London – More used to wielding a camera than a needle, taking part in a national vaccination campaign was the “last thing” documentary director Mike Day expected to be doing before the start of the coronavirus pandemic.
But the 41-year-old is now one of an army of volunteers — many with no medical qualifications — being recruited to help deliver U.K. Prime Minister Boris Johnson’s goal of vaccinating 15 million of those most at risk from the virus by mid-February.
“When I had the opportunity to do something that made a difference, I definitely wanted to jump at it, so I immediately signed up when I heard about it,” Day said at a training session for 120 volunteers at Canary Wharf in east London on Saturday.
Volunteers, wearing masks and gloves, were taught how to administer the shots on the 32nd floor of one of the business district’s skyscrapers, its windows commanding views of uninterrupted, rainswept gray skies.
“Aaah!” shouted one instructor, prompting laughter from the audience of volunteers as one participant stuck a needle into the false shoulder tied around her arm.
Another instructor from the St John Ambulance service, which specializes in first aid education, told the volunteers to push the needle “deep into the muscle.”
“Without sounding too cheesy, I thought this was a great opportunity to come together to help heal the world,” said office assistant Katherine Odell.
The 35-year-old said she wasn’t afraid of going out to administer the shot despite the amount of information she has to assimilate.
She admitted there was “always a risk” when faced with the disease but you “keep to the rules as much as you can.”

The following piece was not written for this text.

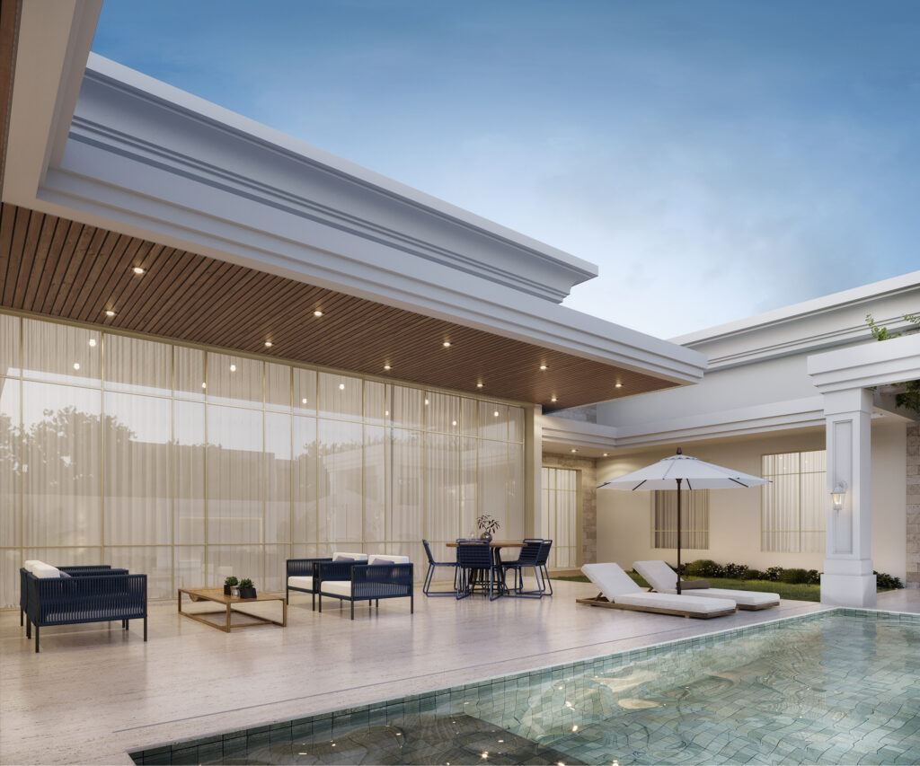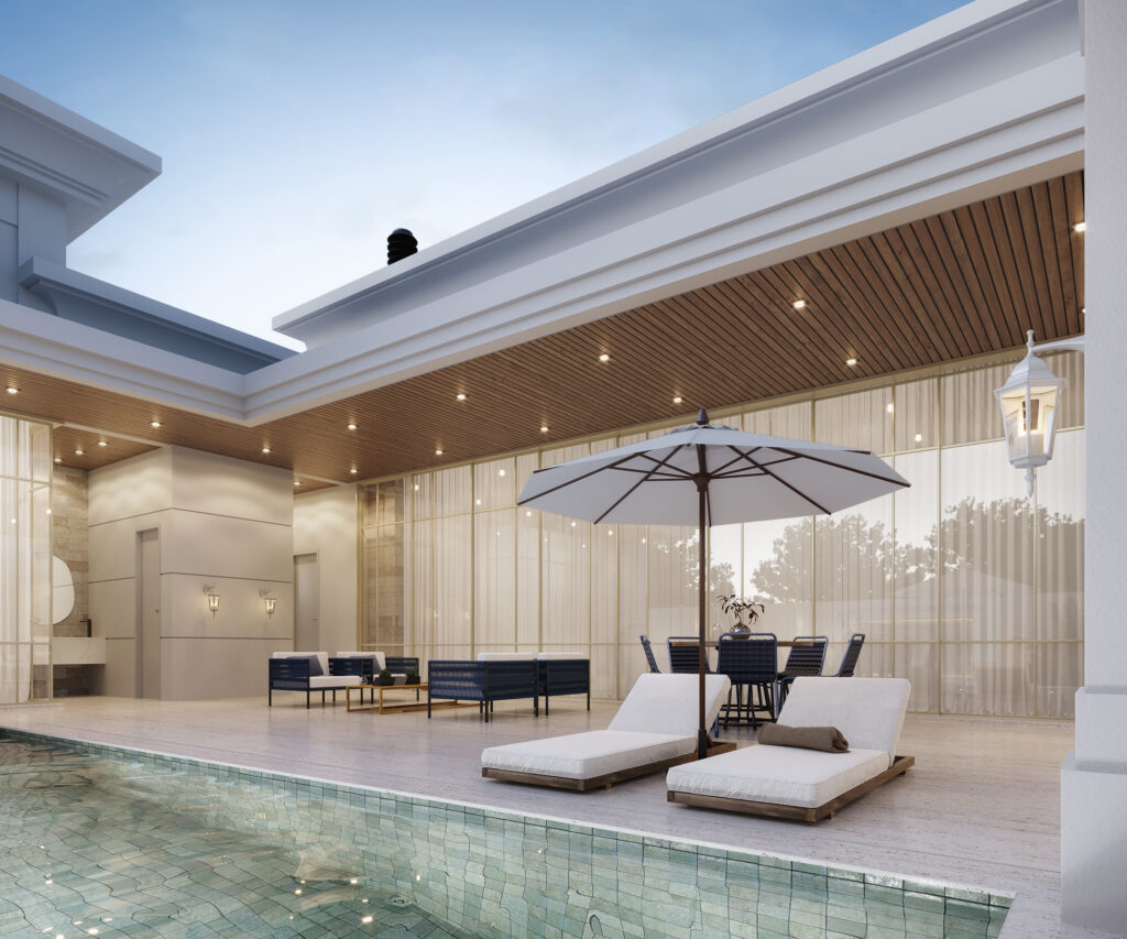 A área de lazer é um respiro de luz e harmonia: piscina, pergolado e mobiliário compõem um cenário que celebra o bem viver.

Eimear Herlihy, 31, said she was used to seeing patients every day as a dentist.
“I’m just really eager for things to go back to normal, so any way that I can help I want to be able to help,” she added.
A 19-year-old medical student at Cambridge University, Shaun Wilson said it was “exciting” to take the theory he had learned and “apply it into something that really can make a difference.”
Volunteers from all walks of life are among the 30,000 individuals who will be recruited by St. John Ambulance to administer the Pfizer-BioNTech and AstraZeneca vaccines currently authorized for general use in U.K. vaccination centers.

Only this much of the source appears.